WASHINGTON, July 19 (Reuters) – The Republican-led U.S. House of Representatives took a new step toward tax reform legislation on Wednesday by approving a fiscal 2018 budget resolution that would allow the Senate to pass a sweeping tax code overhaul without Democratic support.

The House Budget Committee voted 22-14 along party lines to send the measure to the floor of the House for consideration by the full chamber, a day after the $4 trillion spending blueprint was unveiled.

But it was not clear how the measure would fare in the full House, where it could become embroiled in Republican infighting between conservatives and moderates similar to the political tug-of-war that caused healthcare legislation to disintegrate in the Senate this week.

Both the House and Senate must approve a budget agreement to unlock a legislative tool called reconciliation, which would allow Republicans to pass tax legislation with a simple majority in the Senate.

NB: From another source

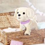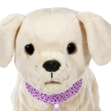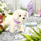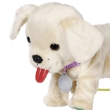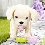 Amikor a tálkából iszik, a kutyus lehajtja a fejét, kinyújtja a nyelvét, és hallható a szürcsölés. Ivás után felemeli a lábát és kipisil – ez a valósághű funkció lenyűgözi a gyerekeket, és támogatja a fantáziájukat az állatgondozós szerepjátékban. A csont ropogó hangokat indít, a hát simogatása pedig farkcsóválást és vidám ugatást vált ki.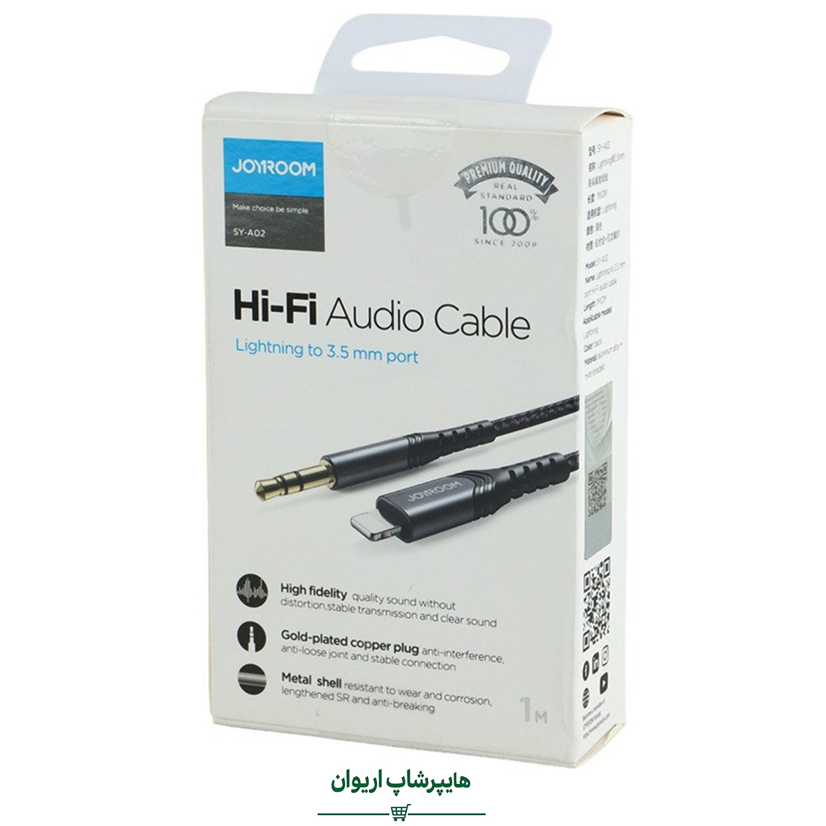 خرید کابل تبدیل لایتنینگ به AUX جوی‌روم مدل SY-A02 طول 1 متر از هایپر شاپ اریوان. دارای چیپ DAC داخلی، انتقال صدای شفاف و بدنه مقاوم با روکش نایلونی.

Republicans control the chamber by only a 52-48 margin.

Democrats oppose the Republican budget and Republican plans for a tax reform bill that is likely to offer steep tax cuts for corporations and the wealthy.

The House budget resolution would combine tax cuts in the same legislation as $203 billion in spending cuts to mandatory programs including food assistance for the poor.

For more on tax reform, see Fortune’s video:

Enough Republican conservatives to prevent its passage already oppose the plan, because they believe it does not go far enough to cut spending. But Republican moderates are against larger cuts.

Some House conservatives also want to see a Republican tax reform plan before supporting a budget that would facilitate its passage. The Trump administration and Republican leaders in Congress are not expected to unveil a tax plan until September.

The budget resolution would also bundle a partial repeal of the 2010 Dodd-Frank Wall Street reform law into the same legislation as taxes and spending cuts.